Compute requirements for mission computers have evolved such that they are now on a par with enterprise computing. A mission computer might typically include a 16-Core Intel Xeon D processor. Dual processor sockets are no longer required because much of the workload has shifted to the GPU, due to the growing emphasis on graphical content.
The powerhouse at the heart of today’s high-performance mission computers is a GPU using the latest NVIDIA technologies. The GPU is the single most expensive component and, as it turns out, it is the form factor of the NVIDIA card that ultimately determines how small we can make a mission computer.

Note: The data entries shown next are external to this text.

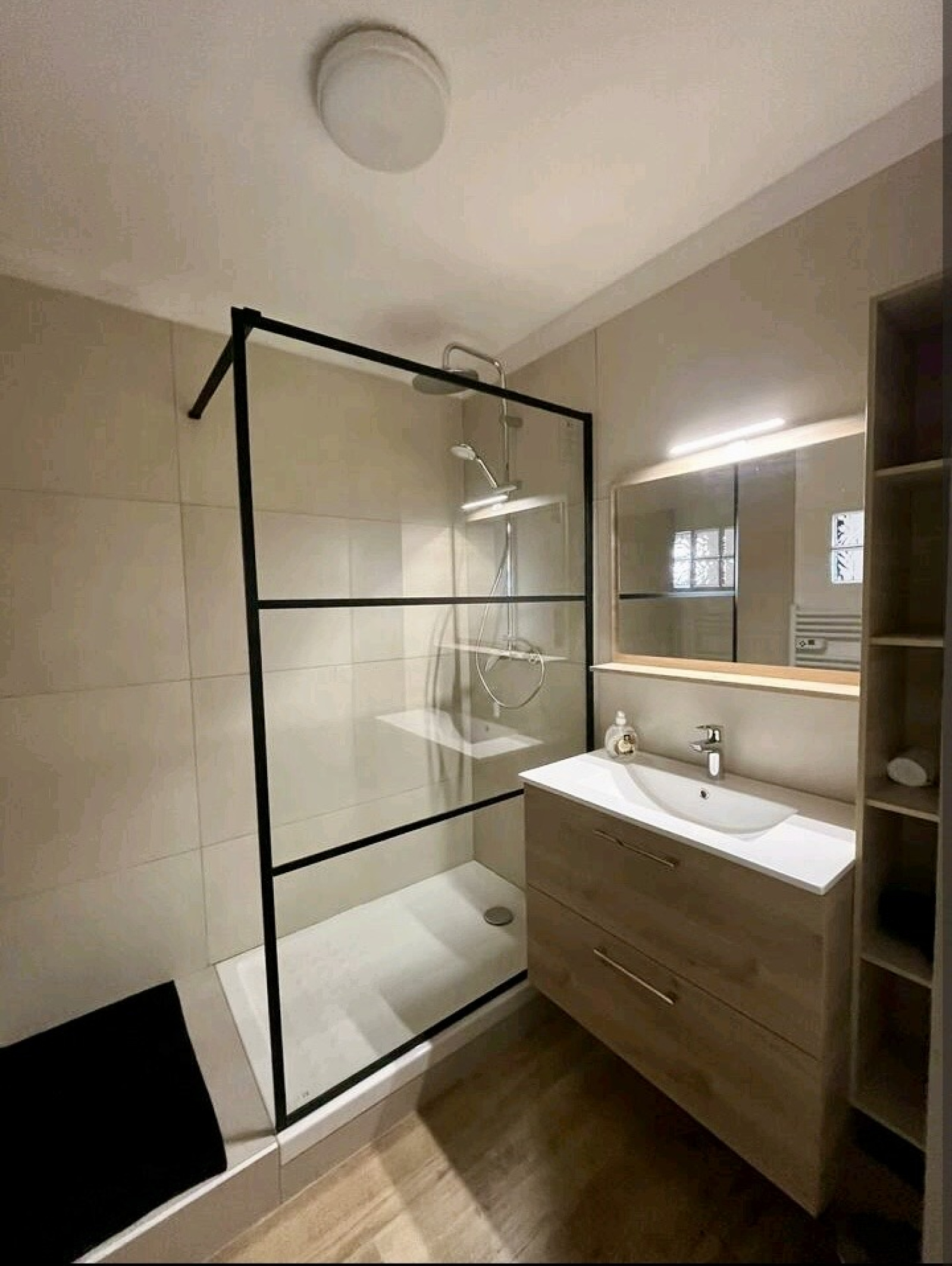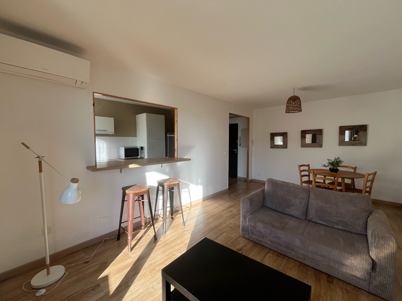 Un spacieux séjour lumineux équipé d’une climatisation réversible, ouvrant sur un balcon exposé sud-ouest avec vue dégagée ; une cuisine moderne entièrement équipée, avec comptoir ouvert sur le séjour ; une grande chambre avec meubles et nombreux rangements, également climatisée ; une salle de bain élégante avec chauffe-serviettes et apport de lumière naturelle par carreaux de verre.
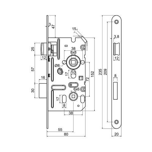 Zadlabacie zámky pre WC kľučku, 20mm, ľavý
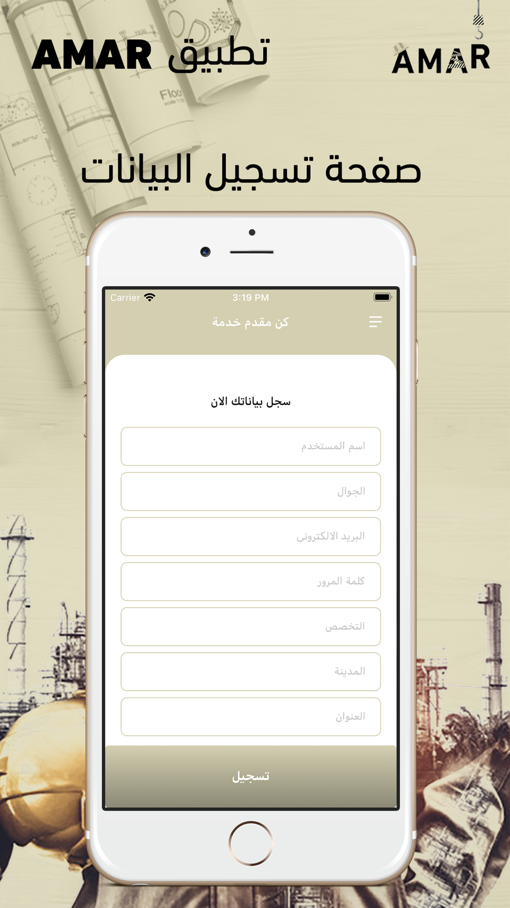 تطبيق عمار من التطبيقات الرائده فى تقديم خدمات التصميم فى الشرق الاوسط حيث يقدم الخبره الفنيه والمعرفه لدعم الجهود التى تشجع تنمية المجتمعات العمرانية .
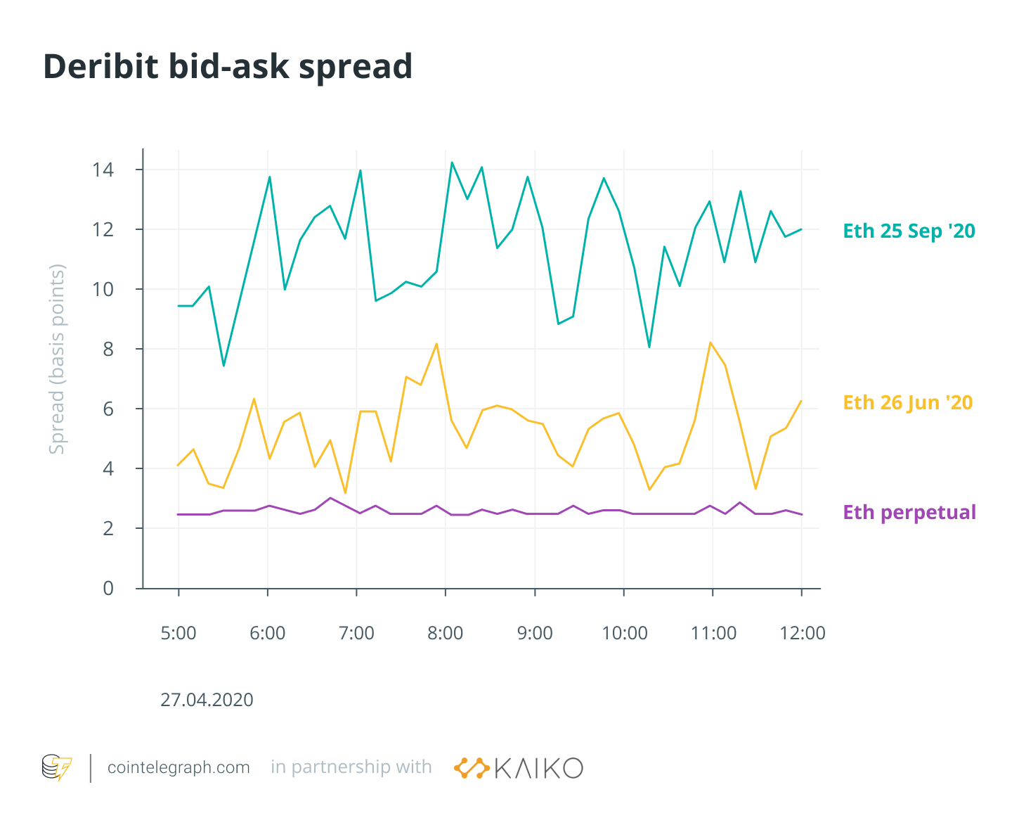 Derivatives markets tend to be more fragmented, with contracts of many expiration dates and strike prices, resulting in a significant number of very low liquid contracts with wide spreads. By charting three Ethereum contracts on Deribit,we show how spreads differ depending on the expiry.

With a fresh canvas, we set out to give customers exactly what they asked for. Along the way, we discovered some unexpected things.
First, we were able to take all the enterprise compute capability of our 30- pound rackmount system and fit it into a new design that is the size of a shoebox and weighs only 9 pounds. The new box requires less power and its shape allows better airflow. Instead of a bunch of little fans—which tend to be noisy—we can use just two larger fans, so the unit runs much quieter and is cool to the touch.
The design is also quite scalable because COMe type 7 provides up to 32 PCIe lanes that can be allocated as needed. For example, in our ZM3 mission computer, we use 8 lanes for storage and the remaining 24 for expansion cards, typically up to 16 graphics cards and 8 encoders.
COM Express Type 7 supports the NVMe PCIe for super fast and ultra-compact storage. Using NVMe SSD drives increases read/write speeds three to four times compared to SATA 3. The new spec also provides 10GbE LAN for rapid communication of video over the network.
We recently had a chance to demonstrate our new ZM3 mission computer. When we took the cover off the unit to let people look inside, the feedback from military customers was exciting and, at the same time, a little humbling.
What they said was, “Thank you for hearing us and finally giving us what we need.” Have we been overestimating the importance of rackmount systems and missing out on the opportunity to give customers the shapes and sizes they actually need?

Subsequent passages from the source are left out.